**Records to use**
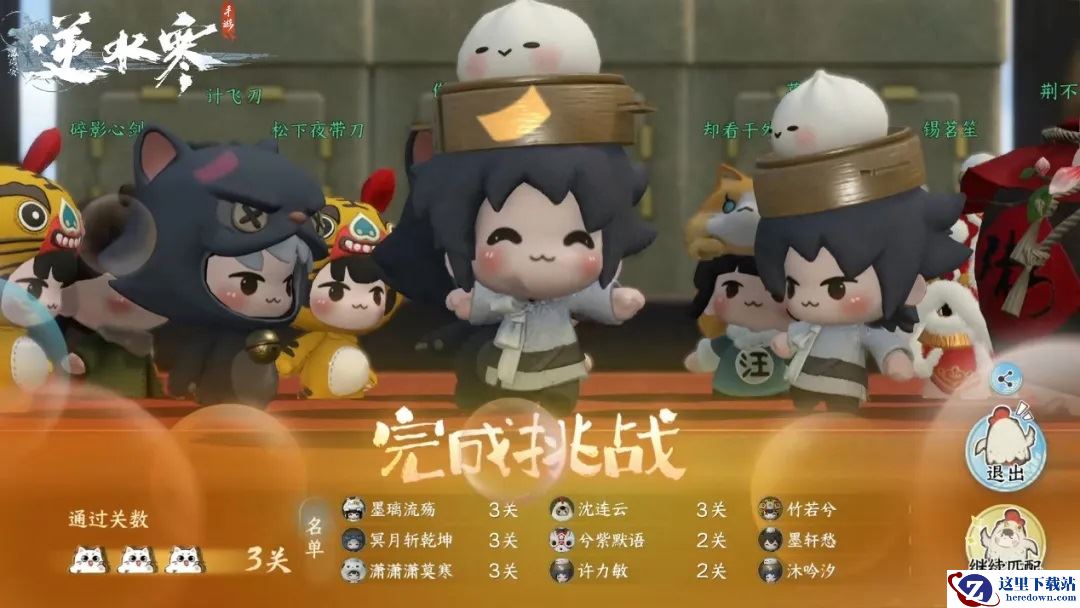 《逆水寒》手游的“圆萌乐向前冲”玩起来很简单,匹配成功后,30个玩家会自动变成圆萌乐同场竞技,每场会有3个随机关卡。关卡分为两大类,一种是竞速关,在60秒或90秒内跑到终点就是胜利,另一种是生存关,在60秒内没有掉进水里就算胜利。
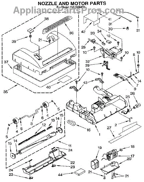Parts for Kenmore 116.3369490 (1163369490, 116 3369490): Nozzle And Motor Parts
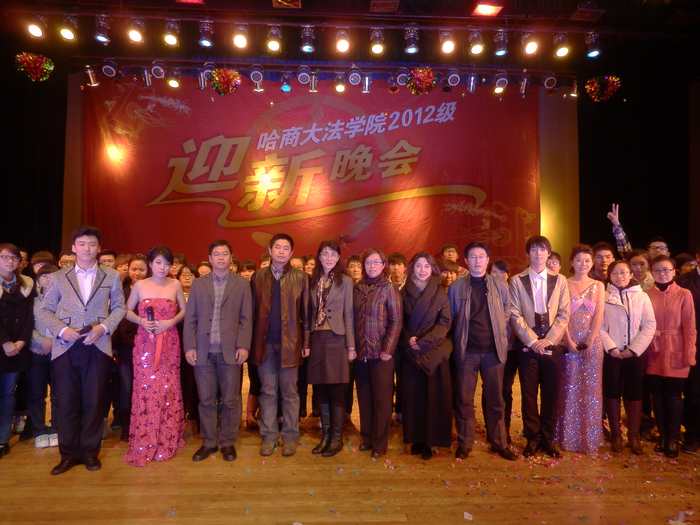 法学院于11月13日晚5:00在B区大礼堂举行了一场以“激扬青春、魅力法学”为主题的迎新生文艺晚会。哈尔滨商业大学学生处处长冉庆国教授,研究生学院院长王福友教授,校团委副书记贾妮燕副教授,校团委王鹤腾老师,学生处崔本强老师、法学院院长石晶玉教授,院党总支副书记赵国军副教授、副院长徐铁岩副教授、院团委书记李萍老师,2011级辅导员钱思彤老师及法学院部分老师及全体学生观看了整场晚会。石晶玉院长致开幕辞,表达了对2012级新生的殷切希望。
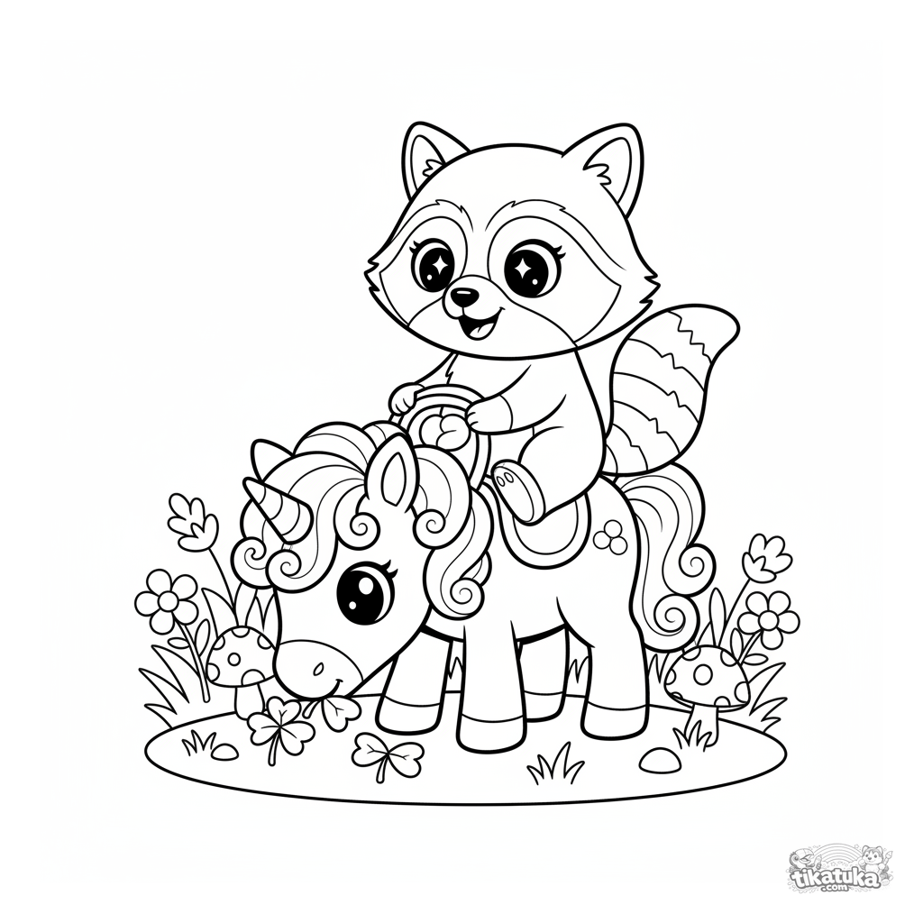 Ausmalbild für Mädchen von 4-6 Jahren: Waschbär Shmyak reitet ein freundliches, magisches Pony mit lockiger Mähne auf einer blühenden Wiese.
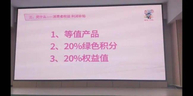 中福黄金集团讲师以颇具诱惑力的话术讲解:“那么你想搞钱到哪儿去搞?到钱多的地方去搞!咱们中福黄金做黄金的、做社交电商的,这是一个全新的赛道,而且这个赛道里面充满了机遇,充满了钱味儿。那么我们要搞清楚怎么搞钱,我们从四个维度跟大家做一个解析。你来到福宝商城里边,你不管消费任何的产品,你都讲获得三项权益,第一项权益,你能够获得等值的产品,咱们的商城里主打产品是黄金,咱们的黄金金条是9999的,我们还能获得20%的绿色积分,获得20%的权益值。
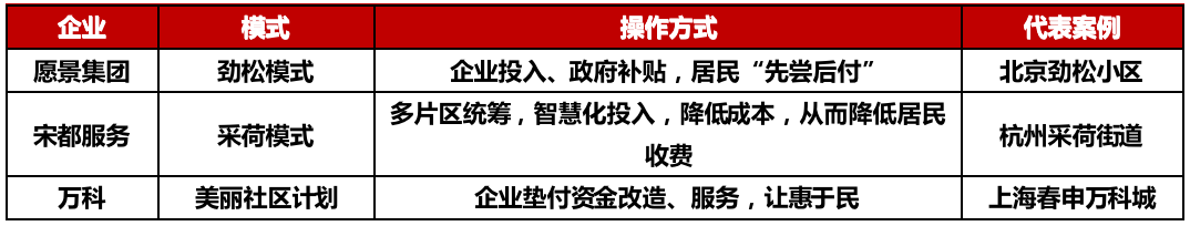 目前全國老舊小區改造的體量依然很大,完全依靠以政府為主導的準物業管理很不現實;老舊小區居民對高品質的物業服務仍有一定的需求,居民自治管理仍屬于治標不治本的暫時性解決方案;引入社會資本的模式一方面能緩解政府財政壓力,同時又能讓專業的物業企業參與進來,提升老舊小區的服務品質,愿景集團、宋都服務、萬科等企業已參與其中。
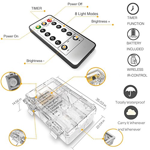 Waterproof-- The wire parts of the 2 set Fairy Lights are fully sealed,thus making it submersible ,can create amazing water scene,and used In the outdoors or garden do not have to worry about climate problems.

**Aim of the exercise**
When you copy the data above, reproduce each line exactly and skip every image.

**Reply**
 《逆水寒》手游的“圆萌乐向前冲”玩起来很简单,匹配成功后,30个玩家会自动变成圆萌乐同场竞技,每场会有3个随机关卡。关卡分为两大类,一种是竞速关,在60秒或90秒内跑到终点就是胜利,另一种是生存关,在60秒内没有掉进水里就算胜利。
Parts for Kenmore 116.3369490 (1163369490, 116 3369490): Nozzle And Motor Parts
 法学院于11月13日晚5:00在B区大礼堂举行了一场以“激扬青春、魅力法学”为主题的迎新生文艺晚会。哈尔滨商业大学学生处处长冉庆国教授,研究生学院院长王福友教授,校团委副书记贾妮燕副教授,校团委王鹤腾老师,学生处崔本强老师、法学院院长石晶玉教授,院党总支副书记赵国军副教授、副院长徐铁岩副教授、院团委书记李萍老师,2011级辅导员钱思彤老师及法学院部分老师及全体学生观看了整场晚会。石晶玉院长致开幕辞,表达了对2012级新生的殷切希望。
 Ausmalbild für Mädchen von 4-6 Jahren: Waschbär Shmyak reitet ein freundliches, magisches Pony mit lockiger Mähne auf einer blühenden Wiese.
 中福黄金集团讲师以颇具诱惑力的话术讲解:“那么你想搞钱到哪儿去搞?到钱多的地方去搞!咱们中福黄金做黄金的、做社交电商的,这是一个全新的赛道,而且这个赛道里面充满了机遇,充满了钱味儿。那么我们要搞清楚怎么搞钱,我们从四个维度跟大家做一个解析。你来到福宝商城里边,你不管消费任何的产品,你都讲获得三项权益,第一项权益,你能够获得等值的产品,咱们的商城里主打产品是黄金,咱们的黄金金条是9999的,我们还能获得20%的绿色积分,获得20%的权益值。
 目前全國老舊小區改造的體量依然很大,完全依靠以政府為主導的準物業管理很不現實;老舊小區居民對高品質的物業服務仍有一定的需求,居民自治管理仍屬于治標不治本的暫時性解決方案;引入社會資本的模式一方面能緩解政府財政壓力,同時又能讓專業的物業企業參與進來,提升老舊小區的服務品質,愿景集團、宋都服務、萬科等企業已參與其中。
 Waterproof-- The wire parts of the 2 set Fairy Lights are fully sealed,thus making it submersible ,can create amazing water scene,and used In the outdoors or garden do not have to worry about climate problems.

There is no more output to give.